COLLECTED MATERIAL →
_____

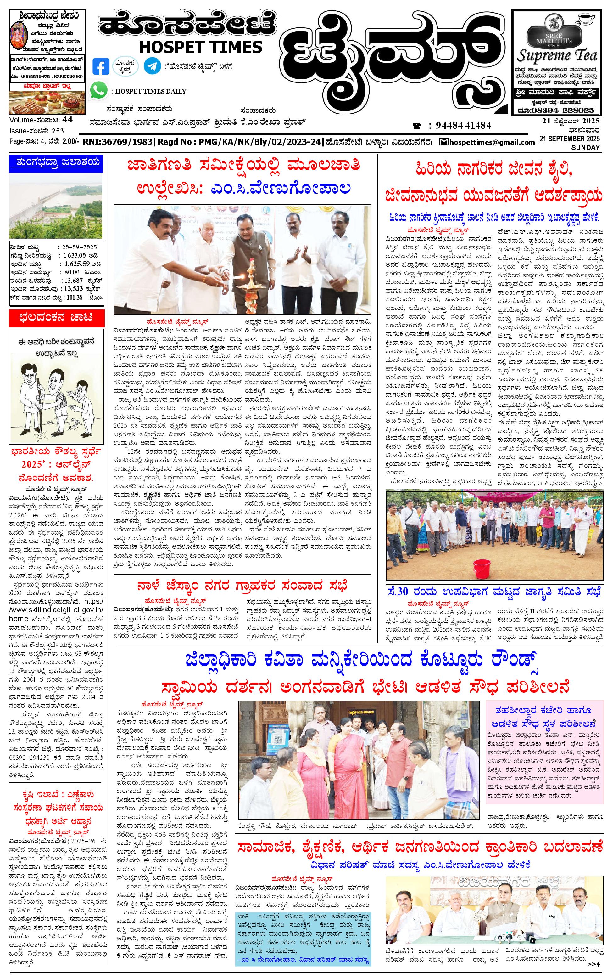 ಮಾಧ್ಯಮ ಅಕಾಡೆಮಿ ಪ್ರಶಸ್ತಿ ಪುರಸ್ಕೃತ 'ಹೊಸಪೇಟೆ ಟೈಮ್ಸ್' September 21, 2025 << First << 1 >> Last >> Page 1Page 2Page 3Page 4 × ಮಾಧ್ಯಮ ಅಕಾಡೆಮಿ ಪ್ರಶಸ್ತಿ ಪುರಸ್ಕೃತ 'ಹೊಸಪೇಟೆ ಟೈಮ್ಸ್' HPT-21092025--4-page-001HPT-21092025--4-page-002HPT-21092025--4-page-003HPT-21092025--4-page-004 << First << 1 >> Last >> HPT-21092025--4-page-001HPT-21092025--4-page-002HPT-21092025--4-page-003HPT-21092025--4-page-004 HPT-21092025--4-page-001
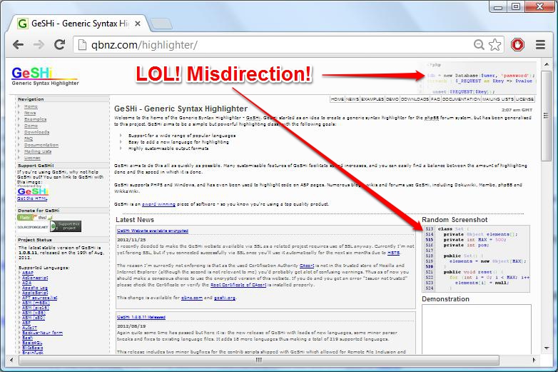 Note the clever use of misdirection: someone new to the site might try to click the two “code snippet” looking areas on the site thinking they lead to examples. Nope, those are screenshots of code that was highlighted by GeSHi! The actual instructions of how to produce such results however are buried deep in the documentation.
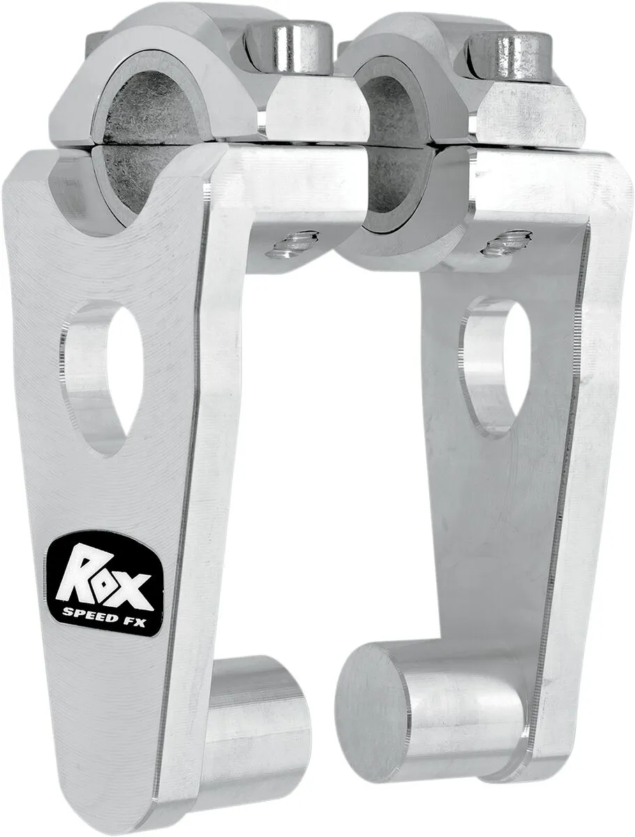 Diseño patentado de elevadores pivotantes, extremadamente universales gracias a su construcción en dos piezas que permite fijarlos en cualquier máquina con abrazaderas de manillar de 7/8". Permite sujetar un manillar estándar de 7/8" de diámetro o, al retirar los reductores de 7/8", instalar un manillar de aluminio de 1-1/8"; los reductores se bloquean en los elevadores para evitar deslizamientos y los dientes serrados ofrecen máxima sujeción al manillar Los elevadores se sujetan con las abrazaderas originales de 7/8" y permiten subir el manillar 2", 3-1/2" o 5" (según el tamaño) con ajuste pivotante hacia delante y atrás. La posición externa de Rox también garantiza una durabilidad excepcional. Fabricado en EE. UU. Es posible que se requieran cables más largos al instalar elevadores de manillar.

_____

TASK TO CARRY OUT →
Retype everything in the material word for word, minus pictures.

RESULT FOR THIS TASK →
 ಮಾಧ್ಯಮ ಅಕಾಡೆಮಿ ಪ್ರಶಸ್ತಿ ಪುರಸ್ಕೃತ 'ಹೊಸಪೇಟೆ ಟೈಮ್ಸ್' September 21, 2025 << First << 1 >> Last >> Page 1Page 2Page 3Page 4 × ಮಾಧ್ಯಮ ಅಕಾಡೆಮಿ ಪ್ರಶಸ್ತಿ ಪುರಸ್ಕೃತ 'ಹೊಸಪೇಟೆ ಟೈಮ್ಸ್' HPT-21092025--4-page-001HPT-21092025--4-page-002HPT-21092025--4-page-003HPT-21092025--4-page-004 << First << 1 >> Last >> HPT-21092025--4-page-001HPT-21092025--4-page-002HPT-21092025--4-page-003HPT-21092025--4-page-004 HPT-21092025--4-page-001
 Note the clever use of misdirection: someone new to the site might try to click the two “code snippet” looking areas on the site thinking they lead to examples. Nope, those are screenshots of code that was highlighted by GeSHi! The actual instructions of how to produce such results however are buried deep in the documentation.
 Diseño patentado de elevadores pivotantes, extremadamente universales gracias a su construcción en dos piezas que permite fijarlos en cualquier máquina con abrazaderas de manillar de 7/8". Permite sujetar un manillar estándar de 7/8" de diámetro o, al retirar los reductores de 7/8", instalar un manillar de aluminio de 1-1/8"; los reductores se bloquean en los elevadores para evitar deslizamientos y los dientes serrados ofrecen máxima sujeción al manillar Los elevadores se sujetan con las abrazaderas originales de 7/8" y permiten subir el manillar 2", 3-1/2" o 5" (según el tamaño) con ajuste pivotante hacia delante y atrás. La posición externa de Rox también garantiza una durabilidad excepcional. Fabricado en EE. UU. Es posible que se requieran cables más largos al instalar elevadores de manillar.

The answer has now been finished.